Sometimes quixotic ideas work, more often they do not. Salmon Fishing in the Yemen is a funny book about the misguided attempts to set up trout fishing in Yemen, with aid money galore and high minded politicians – sounds familiar? It’s a book that I greatly enjoyed (by the way, you can fish trout in Ethiopia, in the streams of Bale, and there is even a trout farm, and a very successful one I am told, up there too), but was there something quixotic and fantastical about setting up a riding business in Ethiopia? No, I don’t believe so. True, Ethiopia has its own idiosyncratic way of operating – heavy on regulation, with constant paperwork and a thousand chits of stamped paper for every task – and very little flexibility and initiative. I well remember a departing BBC correspondent’s last dispatch, in which she chose to write about the dreaded stamp she always had to carry around to authenticate her documents with. Yes, the inflexibility and lack of initiative and control freakery add enormously to costs, yes, the constant fear of being told you haven’t submitted the right paperwork (with the associated fines and slaps on the wrist and costly hours & hours & hours of wasted time) is a strong deterrent to running a successful business, but no, at the end of the day, this is not why my business didn’t work. Ethiopia may be a difficult place to do business in, but it’s not the wrong place to do business in. Conducting affairs in Ethiopia may be challenging, but it can also be rewarding. And Ethiopia (that looks so like the Cotswolds, the South African veld, the south of France and South Carolina and a host of other beautiful worldwide locations) is a country of the horse with a long and rich equestrian tradition. I remain convinced Ethiopia has some of the best riding grounds in the world. And Ethiopia may be a difficult place to operate in, but it is also a very easy place work in too by other yardsticks. So I have no complaints, with Ethiopia, or Ethiopians, or their way of conducting their affairs. Equus Ethiopia didn’t gallop ahead because of an economic downturn – perhaps – and because from the very start it was conceived as a hobby horse. That absence of business plan again from yours truly.

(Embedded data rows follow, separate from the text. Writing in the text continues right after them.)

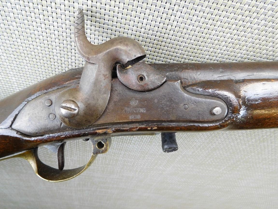 LOCK PLATE MARKED DANZIG (ARSENAL) 1830, NOTE 142823 IN UNION CIVIL WAR SERVICE, SMOOTH BORE, NOTCH AND BLADE SIGHT, BRASS BUTT PLATE NO 59/5LWR/5C MAY BE THE REGIMENTAL OR RACK #'S, SLING EYES, GREY PATINA, THERE IS NO NIPPLE, COCKS HOLDS AND FIREST, METAL RAM ROD, BRASS FOREND WITH BLADE SIGHT, BAYONET LUG , BARREL LENGTH: 1048MM , SERIAL: N/A , ACTION: MUSKET PERCUSSION , CONDITION: 7+/10 ANTIQUE , , CLASS: CANADIAN ANTIQUE CLASS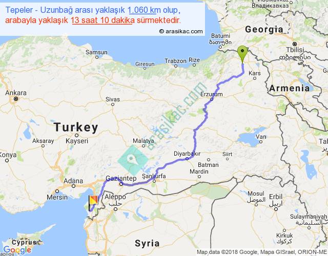 Tepeler - Uzunbağ arası yaklaşık olarak 90 km/h ile yukarıda belirtilen sürede olup, iki yerin kuş uçuşu uzaklığı (mesafesi) 784'dir. Eğer belirtilen yerler arasında uçak seferi var ise bu süre uçakla 1 saat 12 dakika'ya kadar düşebilir. Yolculuk otobüsle 17 saat 7 dakika sürmektedir.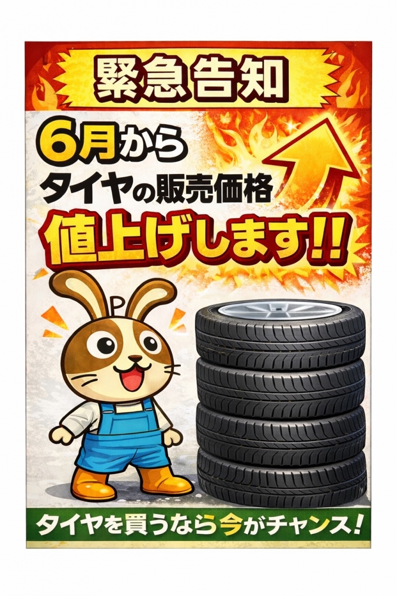 タイヤメーカーが6月より値上げを発表!! 購入するなら今でしょ!!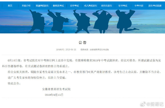 據(jù)安徽省教育招生考試院網(wǎng)站消息,6月16日,安徽省教育招生考試院發(fā)出公告稱(chēng),網(wǎng)傳安徽省2019年中考試題泄密系謠言,網(wǎng)傳所謂試題試卷為某科目答題卷樣卷。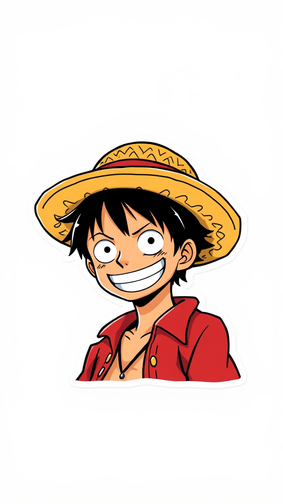 A minimalist sticker design of Monkey D. Luffy from One Piece, featuring his iconic straw hat and signature smirk, rendered in an anime style. The image is vibrant and eye-catching, capturing Luffy's adventurous spirit with bold outlines and a simplified color palette, making it suitable for trending platforms like ArtStation. The background incorporates subtle patterns reminiscent of ocean waves to hint at his pirate adventures, maintaining the 2:3 aspect ratio.
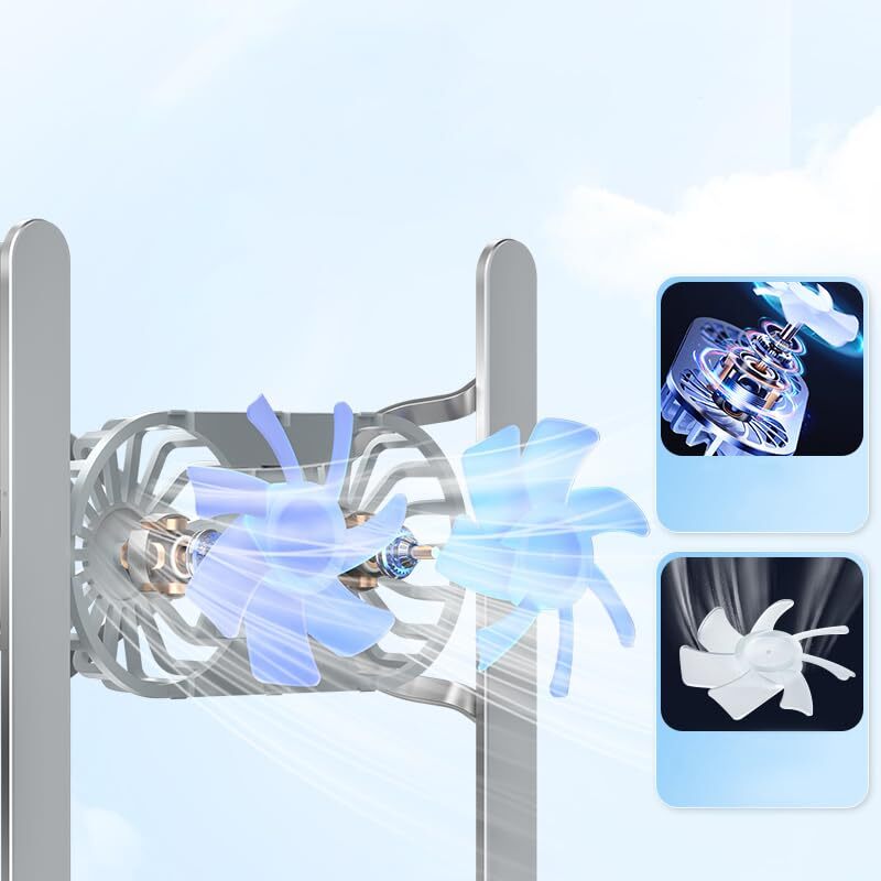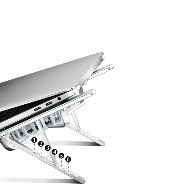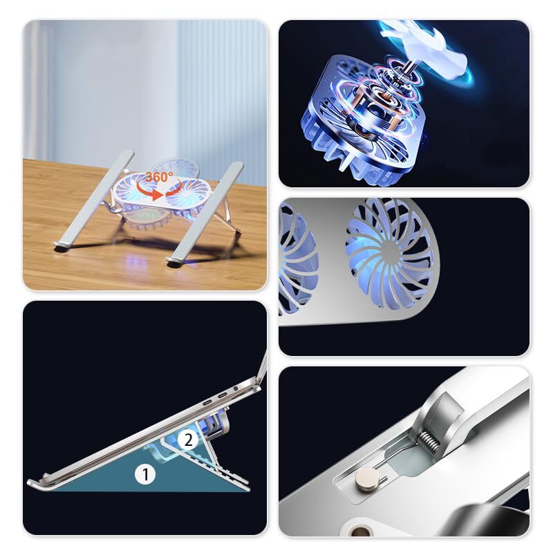 Aluminium Alloy Adjustable Multi-Angle Laptop holder Compatible with MacBook, Air, Pro&All Laptops 【Cooling Better with Dual Cooling Fan】There are two adjustable cooling fans in the middle of the laptop stand. Dual fan combination ensures strong wind and faster heat dissipation. 【All-Metal Material Laptop Stand】This computer stand is made of thickened aluminum alloy material, the all-metal material naturally absorbs heat, accelerates heat dissipation. 【Low Running Noise】This notebook stand can effectively prevent the computer from overheating,at the same time, the running noise is very low, when you work with it, you will not be bothered by the noise. 【Universal Compatibility】This laptop cooling stand fits a variety of notebooks up to 21 inches, such as MacBook, MacBook Air, Macbook Pro, Microsoft Surface, and other notebooks PC computers. 【Sturdy & Stable】The laptop stand is made of thickened aluminium alloy, which is quite sturdy supports up to 22 lbs (10 kg) on the top. Double triangular support structure, very stable and not shaking.The upgrade rubber mat on the stand ensures the laptop in place and maximumly protect your device. 【Ergonomic Design】Ergonomic design, six heights adjustment, you can adjust the screen angle and height of the laptop according to what you prefer, elevate the eye level to the screen, fix your posture, protect you from neck and shoulders pain.

But there’s not much sense in flogging a dead horse, be it an Ethiopian one – if our excellent ponies will pardon the expression – and sometimes you should know when to call it quits. The time has come to close the stables, sell the horses, and look for greener pastures – and I am happy to announce that all of the horses have found a new home, as have all of our employees – including my strong minded but fair and kind mother in law, and that the beautiful stables in Solulta, with their warm raw earth walls, will remain open for Addis Ababa riders to stable their horses in years to come. I know of few places where I would enjoy to ride more. For my part, I will be continuing to translate & interpret & write in Ethiopia. And yes, I am of course keeping two horses to continue riding the Entoto Hills and those green rolling plateaux I have come to love so much – and besides, I don’t want to lose my hard earned riding skills. I think I’ve reached grade 4.8 on that scale of riding ability I mentioned earlier -I have the ambition to make it to six one day. As to my business skills, I think I’m now a 2 – ten being the highest grade of course. Farewell and godspeed.